Euro-Toques chef Martin Dwyer, is much missed in Ireland since he and his wife Sile sold their eponymous restaurant in Waterford and moved to France. They now live in the Languedoc, where they take guests - and feed them very well.
This month: The Vine
First let me confess that I am not the gardener in Le Presbytère- that role is certainly taken by my wife Sile. I am called upon from time to time when there is heavy work involved but, after forty three years of marriage, we have discovered our own happiest spaces, mine in the kitchen and hers in the garden.
One of our primary requirements when we came looking for a house in the Languedoc was that it should have a garden, as we also wanted to be in the centre of a village this proved to be quite a stumbling block.
Surprisingly we were finally saved by the Catholic Church. Because it was reckoned essential for the parish priest to have a place of peaceful contemplation in which to say his daily office most presbyteries in France are furnished with a little garden, “le Jardin de Curé”. Now this is not at all extensive, not necessarily a bad thing, but being in the centre of an old village it is to be treasured.
The first summer we were here we bought a lot of plants – many that we had grown successfully in Ireland - for our little garden. We had, to our regret, a lot of failures. (I still have a gooseberry bush from that time which, to date, has produced exactly one gooseberry.)
Our successes have all been those plants which grow profusely in the area. We get a great crop of white peaches, the Oleander produces flowers all through the summer, even our lemon tree produces enough fruit to keep my grandsons supplied with lemonade when they visit.
But, without a doubt the most successful planting has been our vine.When we bought this, now about nine years ago, we quite carefully selected a table grape variety; Chasselas. We knew this white grape was very rarely turned into wine (they do make some of Chasselas in Switzerland but this is usually damned with the faint praise of being “flowery”)

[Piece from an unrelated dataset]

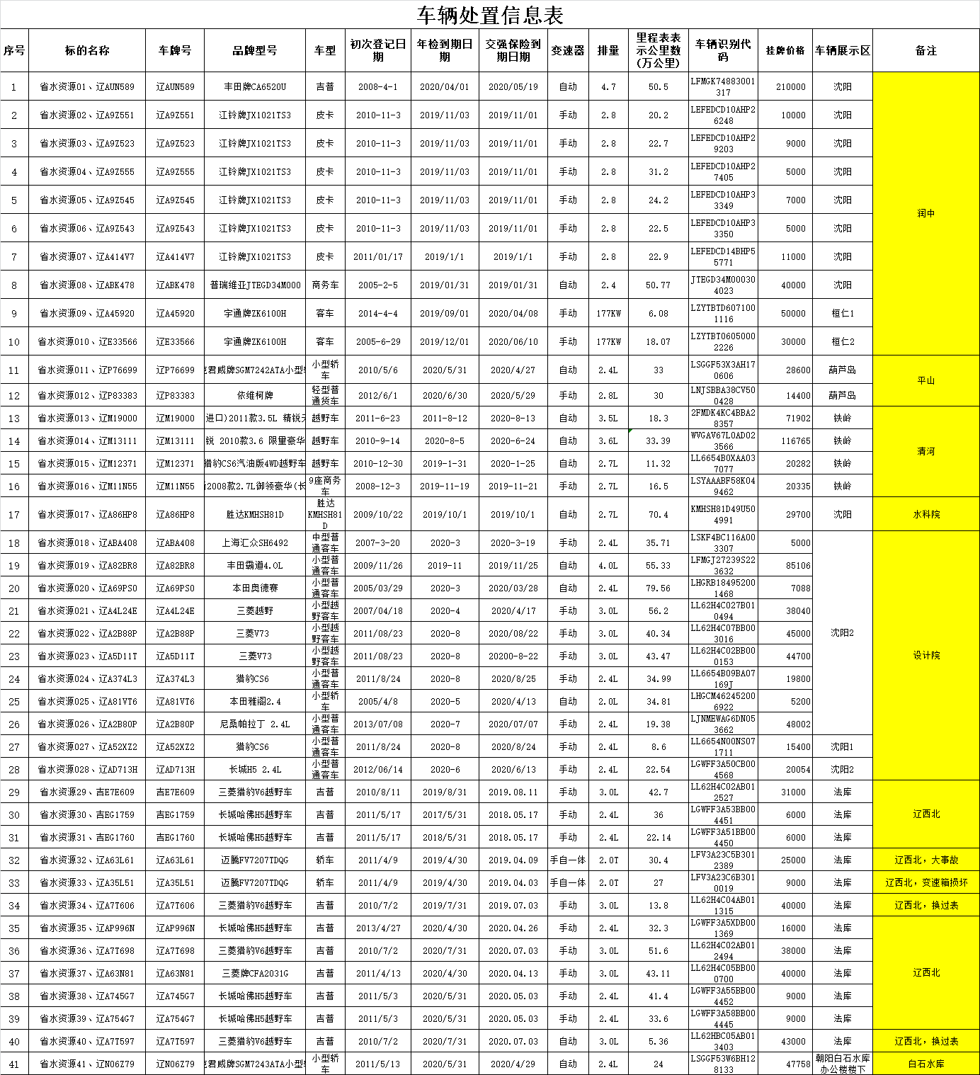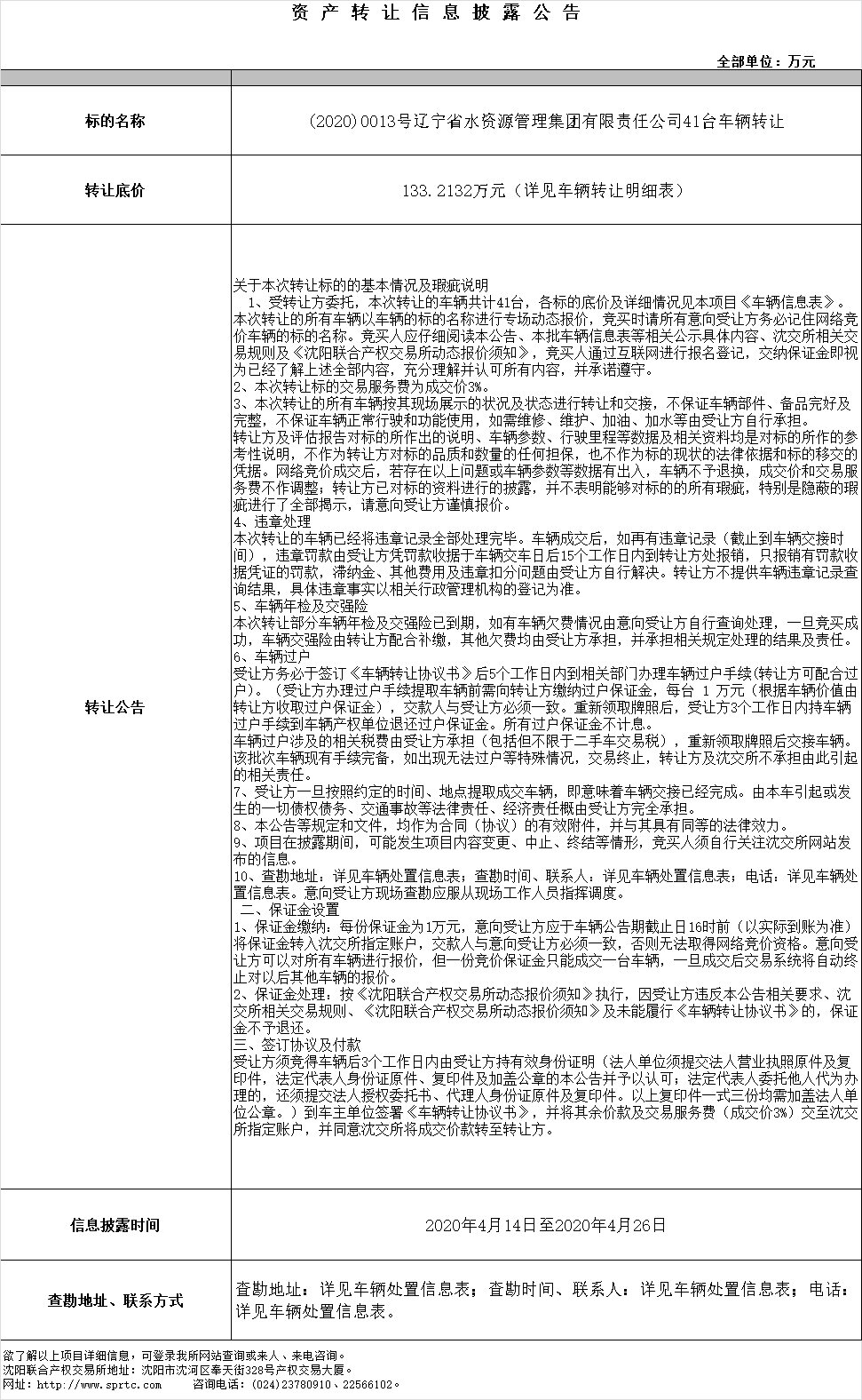 (2020)0013號遼寧省水資源管理集團有限責任公司41臺車輛轉(zhuǎn)讓

Coming from Ireland we knew nothing at all about vine cultivation but we were aware that they thrived here in the Languedoc. The Herault, our department, is in fact, the most densely planted wine area in the world.
For the first few years our vine didn’t seem to be doing much, or so we thought. In fact it was extremely busy sending down roots until it found the water table, as we are at the very top of the village this took a few years, but, once it settled its feet happily in moisture it started to shoot up.
Now our garden is on a level below our terrace, about four metres lower. Pretty soon we began to notice that the vine seemed to be making a beeline for the terrace.
Our terrace, for six months of the year, is the most used part of our house. We take nearly all of our meals there and, as it faces due south and is protected from all three other directions by the house, it is a sun trap par excellence.
This of course brings its own problems as during the mid-summer months it becomes, particularly at mid-day, often too hot to enjoy and really needs some shade. This we have provided over the years by a variety of sunshades, but as we watched the vine climb up to the terrace we realised that it was, as originally intended, going to lend a hand and provide us with the best shade of all, a vine.
I may not be the gardener of the house but I certainly have adopted the role of tender of the vine. Every year over the last three or four, once the vine starts to shoot, you will find me up a ladder cajoling, teasing and weaving the vine into providing the best possible shade from the sun. Every year also, in April, I have meticulously cut off every bunch of grapes (leaving just enough to make grape jelly for the grandsons) this is to encourage the vine to make more shoots and leaves which was what we wanted.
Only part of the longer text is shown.